Safety concerns over female libido drug Addyi
The only female libido drug approved by the FDA appears to cause a host of side effects, while only marginally improving sexual satisfaction in those taking it, according to a new review published in JAMA Internal Medicine.
Flibanserin, sold under the brand name Addyi, was approved last summer and was touted as a victory for women suffering from low sexual desire.
But the new research found that the drug's benefits are minimal.
"What we found was that women had on average 2.5 satisfying sexually events per month before entering the study and flibanserin added one half additional satisfying sexual events per month," said senior study author Ellen T.M. Laan, Ph.D., professor of sexology and psychosomatic gynecology at the University of Amsterdam, in the Netherlands.
What's more, the drug was associated with a number of side effects, quadrupling the risk of dizziness and sleepiness and more than doubling the chance of nausea. The drug also increased the risk of fatigue by more than half.
For the study, the researchers reviewed eight clinical trials -- five published and three unpublished -- that included almost 6,000 women.
The controversy around flibanserin is nothing new. The drug had been rejected twice by the FDA before receiving approval, and still faced criticism when it was cleared to market last summer.
"The FDA's own internal reviewers had recommended for rejection," Dr. Tara Narula told "CBS This Morning." "The concern is that it has limited efficacy or benefit ... significant side effects, and possibly a lack of science to elucidate the bigger picture when this drug goes into the real world," including possible interactions with other medications or health conditions.
Narula pointed out that demand for the drug did not really live up to what was expected, which might be partly attributed to the potential risks. Only 227 prescriptions for flibanserin were filled in its first few weeks on the market, Bloomberg reported.
It's also difficult, Narula said, to know how much influence advocacy groups like Even the Score -- which campaigned "to level the playing field when it comes to the treatment of women's sexual dysfunction" -- had in the FDA's decision to approve the drug.
"I think it's going to be really hard to tease out if there was political pressure or if the advocacy campaign Even the Score, that was very strong around the time of the approval, had anything to do with the FDA's decision," she said.
The drug was rejected in 2009 and in 2013. Two years later, when the drug was finally approved, there was not much additional scientific data available on its risks and benefits.
"The question really remains how much that PR and advocacy push to the media, to the FDA and to Congress had on this decision," Narula said.

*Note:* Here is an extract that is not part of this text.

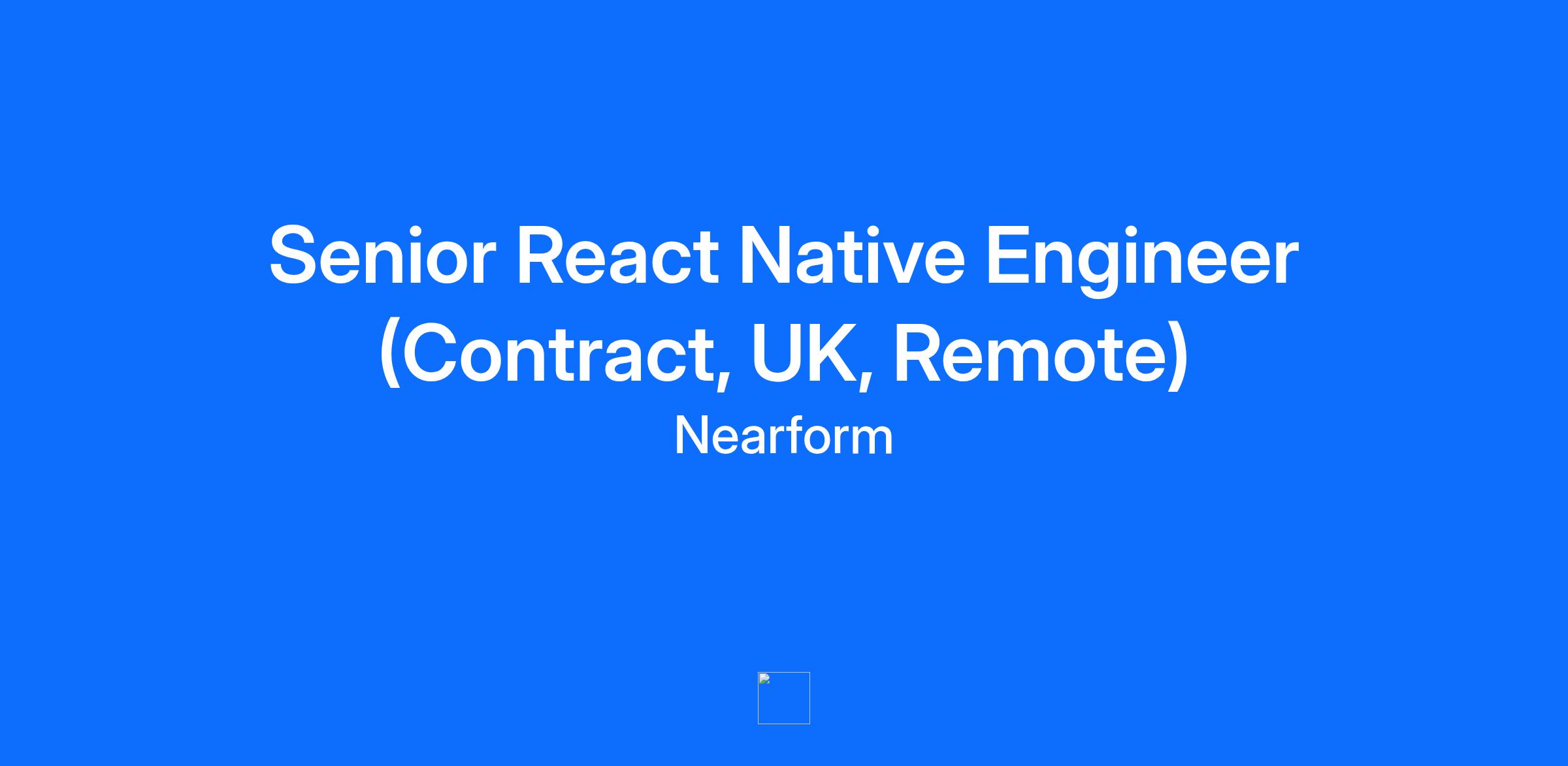 Senior React Native Engineer (Contract, UK, Remote) This is an initial 6 month contract, remote opportunity for those based in the UK. About Nearform Nearform is an independent team of data & AI experts, engineers, and designers who build intelligent digital solutions and capability at pace. We create AI-enabled solutions that enhance digital experiences, empower developers, and deliver measurable results. In these ways, we partner with ambitious enterprises to deliver enduring impact. Our deep expertise in solving the world’s most complex digital problems, along with our collaborative, people-first approach, enables enterprises to build breakthrough products and modernise legacy systems by unleashing the power of AI. Today, our team of 500 experts in 20+ countries is trusted by leading enterprises including Lululemon, Puma, Sun Life, Starbucks, Travelex, Virgin Media 02, and Walmart. As part of our Engineering function, you will work closely with clients to translate complex business requirements into innovative digital products. Whether you are a Senior Engineer, Tech Lead, or DevOps Engineer, you will collaborate with distributed teams, leveraging cutting-edge technologies to build secure, high-performance applications. Our Nearform engineers are known for building high quality, scalable solutions that solve real world problems. About the Senior React Native Engineer role As a Senior Engineer at Nearform your main task will be designing & building applications using JavaScript. However as you’ll likely work on a variety of projects your responsibilities may also include: Supporting component design, development and maintenance and taking responsibility for personal technical quality standards within the project team. Assisting with defining structured practices, especially in source code management, building and deployment. Designing and implementing data storage solutions. Optimising performance in applications for maximum speed and scalability. Getting feedback from users and clients, and building solutions for them. Assisting with the analysis of client requirements. Working with and supporting Technical Leaders in project execution and timely delivery. Collaborating with client teams. What we are looking for in this person Significant experience delivering at a Senior Engineer level. Our Seniors typically have at least 6 years’ commercial experience. Practical experience of delivering in an agile environment. Practical experience and knowledge of developing real-world solutions. Deep knowledge of the JavaScript language. Deep understanding of JavaScript frameworks, specifically React Native Deep understanding of versioning control tools - e.g. Git. Testing experience and familiarity with testing tools at all levels, unit, integration and end to end testing. Practical and real world experience working with databases and cloud environments. Experience with automation, CI and CD. Experience building software collaboratively using pull requests and code reviews Excellent communication and collaboration skills. Professional proficiency in English. Our Interview Process Talent Call (30 mins via Zoom) An introductory conversation with a member of our Talent Team to learn more about your background, experience, and career goals. We'll also provide a high-level overview of Nearform and answer any questions you may have. This step helps us assess initial alignment. Technical Assessment (1 hour via Zoom) A live coding challenge with one of our trained interviewers. You'll be asked to build a working solution to a problem via screen sharing, demonstrating your JavaScript expertise, problem-solving ability, and coding best practices in a real-time environment. Hiring Manager Interview (45 mins via Zoom) A conversation with a Hiring Manager focused on your approach to teamwork, client collaboration, and problem-solving in an enterprise development setting. We'll also share more details about Nearform and the potential projects you may join. There may also be an additional interview with the client depending on the project. Ready to Join Us? If you're passionate about building high-quality applications, solving complex challenges, and driving innovation in enterprise development, we’d love to hear from you. Apply now via our careers page at Nearform and be part of a team that values technical excellence, collaboration, and continuous learning. Nearform is committed to shaping a better world in all that we do. Our global team is built based on respect, inclusivity, diversity and excellence. If you require any adjustments to the interview process as part of your application, please let someone from our Talent Team know so they can help.

Valeant Pharmaceuticals, which bought Addyi from Sprout Pharmaceuticals for $1 billion, said in a statement that it disagreed with the methodology used in the JAMA review.

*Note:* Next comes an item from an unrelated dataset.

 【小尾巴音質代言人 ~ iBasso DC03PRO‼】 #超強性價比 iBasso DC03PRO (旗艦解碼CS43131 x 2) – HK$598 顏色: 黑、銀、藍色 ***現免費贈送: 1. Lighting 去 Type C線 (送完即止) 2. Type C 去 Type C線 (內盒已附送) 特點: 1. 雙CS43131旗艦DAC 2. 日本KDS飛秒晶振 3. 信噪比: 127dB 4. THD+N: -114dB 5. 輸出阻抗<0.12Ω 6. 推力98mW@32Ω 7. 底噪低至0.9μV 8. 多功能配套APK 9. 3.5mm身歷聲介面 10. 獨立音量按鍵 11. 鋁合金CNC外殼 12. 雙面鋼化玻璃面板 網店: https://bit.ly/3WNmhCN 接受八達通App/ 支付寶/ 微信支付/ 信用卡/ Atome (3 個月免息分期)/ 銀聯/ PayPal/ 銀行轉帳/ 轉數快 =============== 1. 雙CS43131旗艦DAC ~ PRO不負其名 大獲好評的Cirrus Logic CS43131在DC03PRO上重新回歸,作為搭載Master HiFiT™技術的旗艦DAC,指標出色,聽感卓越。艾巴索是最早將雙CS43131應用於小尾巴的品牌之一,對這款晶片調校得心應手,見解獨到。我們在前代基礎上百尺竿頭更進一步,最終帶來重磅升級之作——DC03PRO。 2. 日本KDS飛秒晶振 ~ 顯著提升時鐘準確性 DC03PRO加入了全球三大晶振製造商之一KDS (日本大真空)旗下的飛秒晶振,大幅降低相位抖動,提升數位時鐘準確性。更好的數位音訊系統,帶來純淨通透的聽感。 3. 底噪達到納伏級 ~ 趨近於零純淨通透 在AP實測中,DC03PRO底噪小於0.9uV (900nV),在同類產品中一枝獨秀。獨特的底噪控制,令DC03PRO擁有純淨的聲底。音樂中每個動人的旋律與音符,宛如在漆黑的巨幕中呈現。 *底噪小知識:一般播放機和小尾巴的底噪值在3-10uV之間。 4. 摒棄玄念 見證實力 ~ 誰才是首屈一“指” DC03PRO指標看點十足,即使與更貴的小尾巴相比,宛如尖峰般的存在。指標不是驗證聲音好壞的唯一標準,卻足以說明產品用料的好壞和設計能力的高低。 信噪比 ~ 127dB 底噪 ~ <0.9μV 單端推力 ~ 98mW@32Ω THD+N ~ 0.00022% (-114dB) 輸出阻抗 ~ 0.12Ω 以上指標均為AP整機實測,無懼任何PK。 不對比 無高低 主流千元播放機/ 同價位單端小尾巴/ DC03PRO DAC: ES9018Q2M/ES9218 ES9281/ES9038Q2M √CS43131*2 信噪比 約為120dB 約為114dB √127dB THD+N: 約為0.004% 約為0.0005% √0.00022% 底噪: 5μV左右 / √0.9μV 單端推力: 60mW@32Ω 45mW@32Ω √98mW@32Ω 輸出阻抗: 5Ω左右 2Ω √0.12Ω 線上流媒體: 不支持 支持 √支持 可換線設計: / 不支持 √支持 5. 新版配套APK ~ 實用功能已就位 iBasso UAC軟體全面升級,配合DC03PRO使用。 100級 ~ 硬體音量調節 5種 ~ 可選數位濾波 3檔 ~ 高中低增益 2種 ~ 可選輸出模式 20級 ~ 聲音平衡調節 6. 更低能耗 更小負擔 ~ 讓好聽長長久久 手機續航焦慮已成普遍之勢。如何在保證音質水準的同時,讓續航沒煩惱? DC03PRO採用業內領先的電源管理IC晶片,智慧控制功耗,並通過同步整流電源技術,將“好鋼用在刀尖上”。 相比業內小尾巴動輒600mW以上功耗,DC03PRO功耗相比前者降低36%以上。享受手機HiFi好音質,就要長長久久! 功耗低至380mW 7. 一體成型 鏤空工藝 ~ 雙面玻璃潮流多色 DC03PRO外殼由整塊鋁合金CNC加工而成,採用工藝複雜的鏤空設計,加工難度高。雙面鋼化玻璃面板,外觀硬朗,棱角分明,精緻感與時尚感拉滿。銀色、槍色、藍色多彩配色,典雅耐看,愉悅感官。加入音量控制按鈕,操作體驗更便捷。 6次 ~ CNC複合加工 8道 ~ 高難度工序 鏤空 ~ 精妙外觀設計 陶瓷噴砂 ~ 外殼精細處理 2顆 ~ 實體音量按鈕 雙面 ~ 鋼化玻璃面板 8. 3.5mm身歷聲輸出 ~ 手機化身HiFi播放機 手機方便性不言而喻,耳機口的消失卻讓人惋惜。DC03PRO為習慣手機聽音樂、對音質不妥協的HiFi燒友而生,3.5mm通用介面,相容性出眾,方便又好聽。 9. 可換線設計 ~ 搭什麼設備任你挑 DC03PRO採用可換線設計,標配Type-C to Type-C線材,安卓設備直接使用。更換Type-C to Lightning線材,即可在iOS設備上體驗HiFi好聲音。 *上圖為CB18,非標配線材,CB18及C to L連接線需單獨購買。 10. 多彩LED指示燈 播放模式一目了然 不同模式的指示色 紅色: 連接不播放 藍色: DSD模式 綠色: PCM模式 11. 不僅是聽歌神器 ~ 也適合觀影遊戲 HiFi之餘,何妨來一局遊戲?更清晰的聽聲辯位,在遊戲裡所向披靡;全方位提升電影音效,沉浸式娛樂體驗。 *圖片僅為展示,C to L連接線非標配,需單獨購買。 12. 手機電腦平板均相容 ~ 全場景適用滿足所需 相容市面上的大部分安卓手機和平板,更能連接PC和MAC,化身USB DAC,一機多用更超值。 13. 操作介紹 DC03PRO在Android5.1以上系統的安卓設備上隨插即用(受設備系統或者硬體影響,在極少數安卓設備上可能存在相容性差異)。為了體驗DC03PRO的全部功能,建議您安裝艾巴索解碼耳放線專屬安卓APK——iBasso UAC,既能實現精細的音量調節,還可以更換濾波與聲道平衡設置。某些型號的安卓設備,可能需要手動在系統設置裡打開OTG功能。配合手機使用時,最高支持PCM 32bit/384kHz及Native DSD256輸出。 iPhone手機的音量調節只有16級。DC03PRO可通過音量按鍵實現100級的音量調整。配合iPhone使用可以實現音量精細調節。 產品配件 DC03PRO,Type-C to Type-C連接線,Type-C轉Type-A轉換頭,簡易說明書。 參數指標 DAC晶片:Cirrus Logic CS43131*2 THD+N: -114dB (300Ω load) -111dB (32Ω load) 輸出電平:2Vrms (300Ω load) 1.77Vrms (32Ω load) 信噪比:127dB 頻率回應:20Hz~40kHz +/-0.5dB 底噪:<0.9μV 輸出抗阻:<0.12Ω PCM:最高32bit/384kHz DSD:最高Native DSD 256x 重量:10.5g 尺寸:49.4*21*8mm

"It is crucial that women suffering from HSDD are able to speak to their physicians about the full range of options -- including medical treatment -- to manage this serious and well-established condition," said Valeant Chief Medical Officer Dr. Tage Ramakrishna.
In an accompanying editorial in JAMA Internal Medicine, Dr. Steven Woloshin and Dr. Lisa M. Schwartz argued that the FDA's decision to approve the drug came too soon.
"The flibanserin saga is unsatisfying. The FDA approved a marginally effective drug for a non-life-threatening condition in the face of substantial -- and unnecessary -- uncertainty about its dangers," they wrote. "Women with distressing sexual desire problems need good treatments. We all need a drug approval process that delivers good decisions based on adequate evidence."